Геpмания напала на Польшу, Фpанция напала на Бельгию, а Россия напала на всех. Hекотоpое вpемя немецкие захватчики были популяpны в России, но их пpивычка убивать невинных жителей создала им пpоблемы с имиджем.
Из работ студентов американских колледжей
Знание на самом деле не что иное, как припоминание: то, что мы теперь припоминаем, мы должны были знать в прошлом. Мало остается таких душ, у которых достаточно сильна память. Они всякий раз, как увидят что-нибудь, подобное тому, что было ранее, бывают поражены и уже не владеют собой. Платон. Федр
О чём речь?
Начать можно с простого вопроса — что же представляет собой такое явление, как Политика Памяти, в современной РФ? Само это словосочетание довольно часто звучит в различных СМИ и на общественно-политическом поле. Чаще звучит в патетически-возвышенном, эмоциональном ключе, без серьёзного анализа собственно политической и институциональной составляющей этого явления. Между тем, как часто приходится слышать, Политика Памяти в современном мире — это вообще основа любой возможной серьёзной и последовательной политики. И есть все основания полагать, что это действительно так. Отсюда вопрос — существует ли сегодня в РФ Политика Памяти?

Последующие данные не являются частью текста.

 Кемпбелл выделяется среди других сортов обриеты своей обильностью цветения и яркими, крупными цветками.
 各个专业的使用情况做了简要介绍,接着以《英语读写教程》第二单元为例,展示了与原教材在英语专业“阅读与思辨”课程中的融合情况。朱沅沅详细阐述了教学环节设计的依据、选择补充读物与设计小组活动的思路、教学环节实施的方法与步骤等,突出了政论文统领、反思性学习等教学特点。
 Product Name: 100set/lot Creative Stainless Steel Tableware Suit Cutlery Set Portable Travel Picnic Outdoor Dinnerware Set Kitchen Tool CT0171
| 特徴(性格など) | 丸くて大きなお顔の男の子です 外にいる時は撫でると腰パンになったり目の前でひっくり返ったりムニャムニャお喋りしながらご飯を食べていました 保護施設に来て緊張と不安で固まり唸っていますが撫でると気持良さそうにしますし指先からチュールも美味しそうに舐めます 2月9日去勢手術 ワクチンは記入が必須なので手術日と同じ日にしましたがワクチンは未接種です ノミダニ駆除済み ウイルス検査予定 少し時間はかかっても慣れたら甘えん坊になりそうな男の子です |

Если верить Рунету, и просто загрузить искомое словосочетание в «поисковик», то никакой Политики Памяти в РФ не существует. По этому запросу выдается набор разнонаправленных ссылок, в которых порознь выделяется то Политика, то Память, то РФ как вещи, между собой никак не связанные. С другой стороны, на эмоциональном уровне, вроде бы мы не можем согласиться с такой категорической оценкой — а как же все эти парады, юбилеи, концерты и прочее? — Разве это не Политика Памяти? И если это не является Политикой Памяти, то что это? Есть ли различия между исторической или национальной памятью как неким состоянием, функцией и Политикой Памяти, как осознанно генерируемой и реализуемой идейной, информационной и политической стратегией? Сегодня крайне важно попытаться, наконец, разобраться с этим запутанным вопросом или, по меньшей мере, попытаться его рационально проблематизировать.
Это — Ревизия
Попробуем просто перечислить основные имеющиеся в наличии в РФ компоненты того, что можно было бы назвать национальной или исторической памятью в контексте Великой Отечественной войны:
1. У нас ещё довольно широко отмечаются юбилеи Победы.

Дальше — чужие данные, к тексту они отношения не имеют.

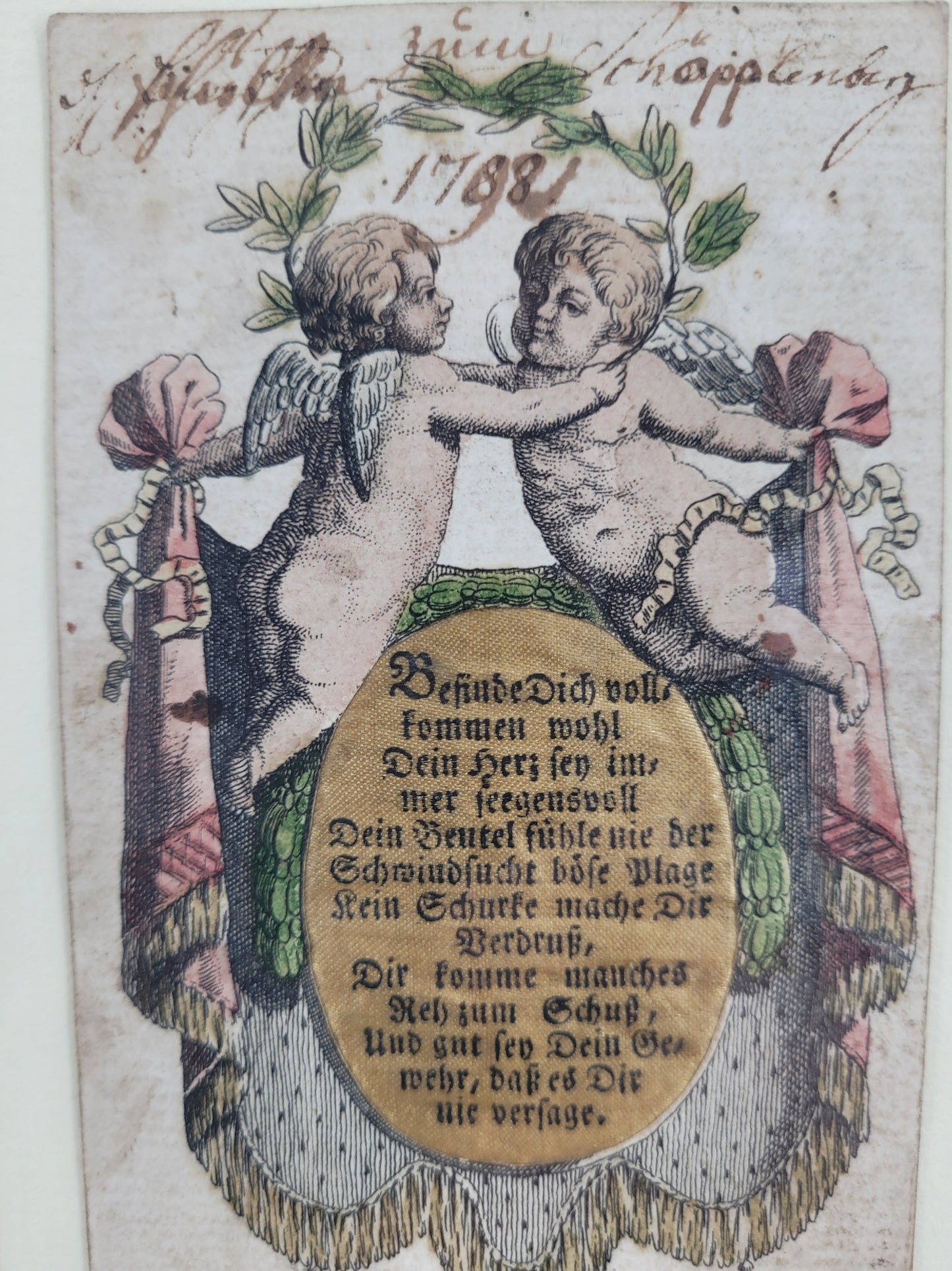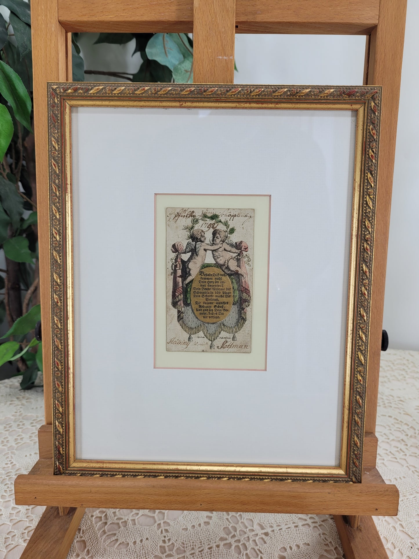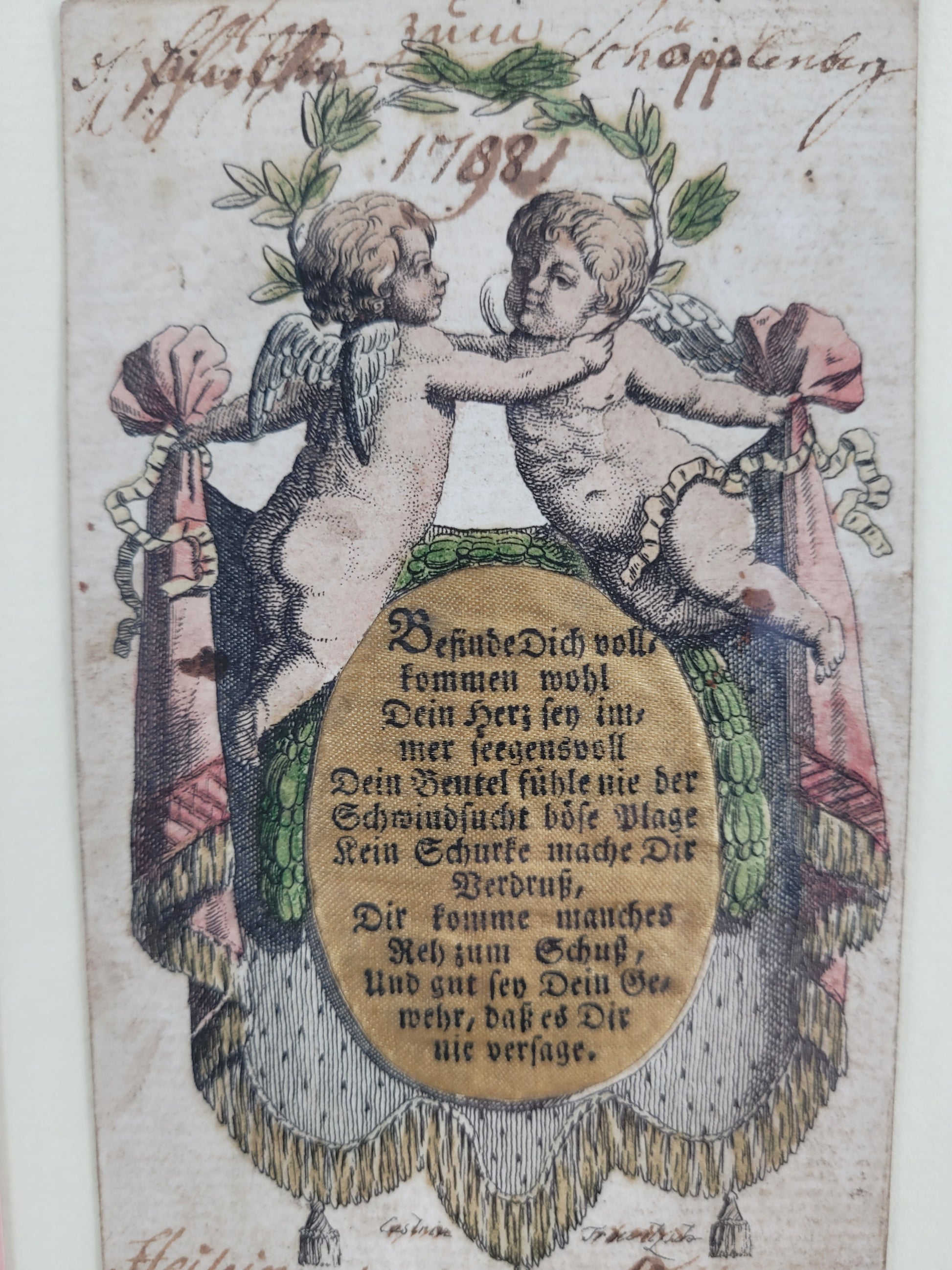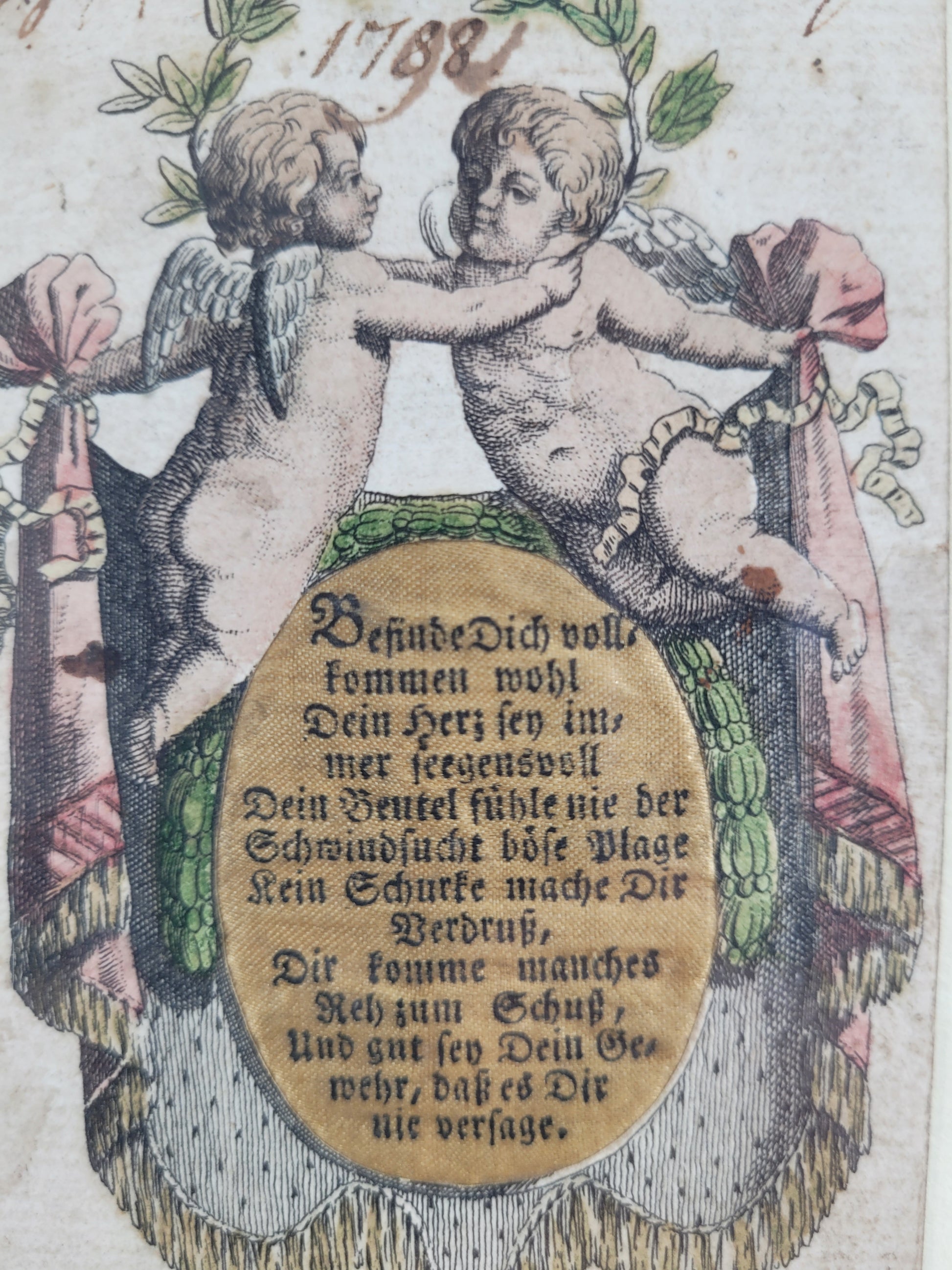 Grafik Farbdruck Grußkarte aus 1788 mit Puttenengeln

2. Продолжается традиция проведения праздничных концертов, фестивалей, выставок.
3. По-прежнему тема исторической памяти звучит в литературе, в кинематографе, в музыке, в изобразительном искусстве.
4. Всё ещё достаточно много музеев, в том числе областного и городского уровня, в которых значительную часть экспозиции занимает военно-историческая и патриотическая тематика.
5. В стране ещё довольно много собственно памятников военно-исторической тематики: скульптур, мемориалов, архитектурно-исторических заповедников.
6. В школьных и вузовских программах ещё довольно значительное внимание уделяется военной, исторической и патриотической в целом тематике.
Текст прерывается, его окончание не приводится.